* [WHAT YOU HAVE TO DO]:
Without the pictures, write out all the lines below exactly as they appear.

* [PROVIDED DATA]:
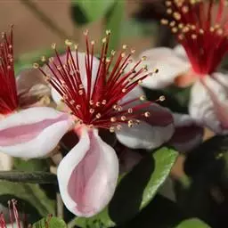 草莓番石榴是番石榴属植物,株高可达2米,树皮平滑,叶对生,倒卵形或椭圆形,先端钝,全缘,厚革质,…
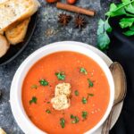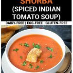Gluten-free and vegan recipe — This Instant Pot Tomato Shorba soup is naturally gluten-free and vegan. But if you are not vegan, a fresh swirl of cream on top of a hot soup will amp up the soup’s flavor.
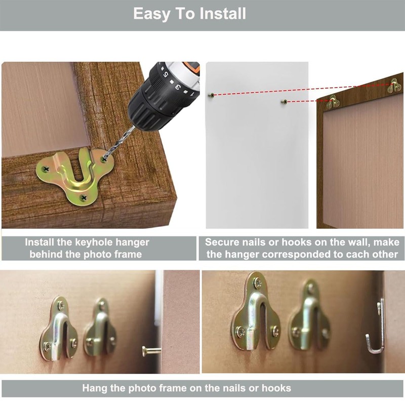 - Quick to Install The metal keyhole hanging clip comes with mounting screws. Just install the keyhole hanger behind the photo frame with screws, mark the distance to ensure the two keyhole hangers react to attach other, secure nails or hooks to the wall, then hang the picture frame on the nails or hooks
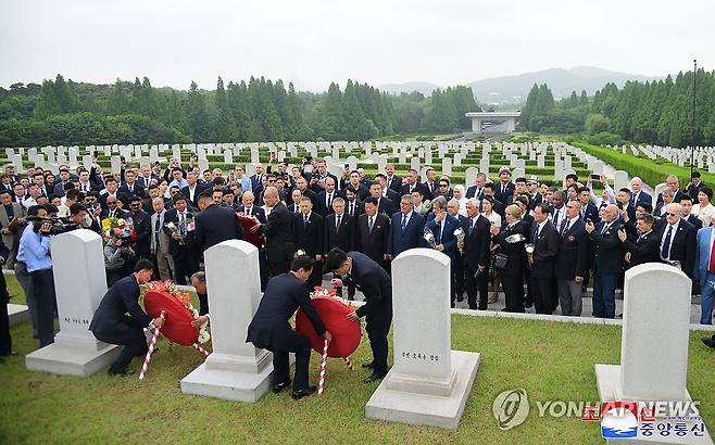 (평양 조선중앙통신=연합뉴스) 최홍희 전 국제태권도연맹(ITF) 총재 사망 22주년 추모행사가 15일 북한 신미리애국열사릉에서 진행됐다고 조선중앙통신이 16일 전했다.추모행사에는 국제태권도연맹, 국제무도경기위원회 집행위원들, 민족협회 대표들 및 여러 나라의 태권도인들과 무도 관계자들이 참석했다. 2024.6.16

* [ANSWER SPACE]:
 草莓番石榴是番石榴属植物,株高可达2米,树皮平滑,叶对生,倒卵形或椭圆形,先端钝,全缘,厚革质,…
Gluten-free and vegan recipe — This Instant Pot Tomato Shorba soup is naturally gluten-free and vegan. But if you are not vegan, a fresh swirl of cream on top of a hot soup will amp up the soup’s flavor.
 - Quick to Install The metal keyhole hanging clip comes with mounting screws. Just install the keyhole hanger behind the photo frame with screws, mark the distance to ensure the two keyhole hangers react to attach other, secure nails or hooks to the wall, then hang the picture frame on the nails or hooks
 (평양 조선중앙통신=연합뉴스) 최홍희 전 국제태권도연맹(ITF) 총재 사망 22주년 추모행사가 15일 북한 신미리애국열사릉에서 진행됐다고 조선중앙통신이 16일 전했다.추모행사에는 국제태권도연맹, 국제무도경기위원회 집행위원들, 민족협회 대표들 및 여러 나라의 태권도인들과 무도 관계자들이 참석했다. 2024.6.16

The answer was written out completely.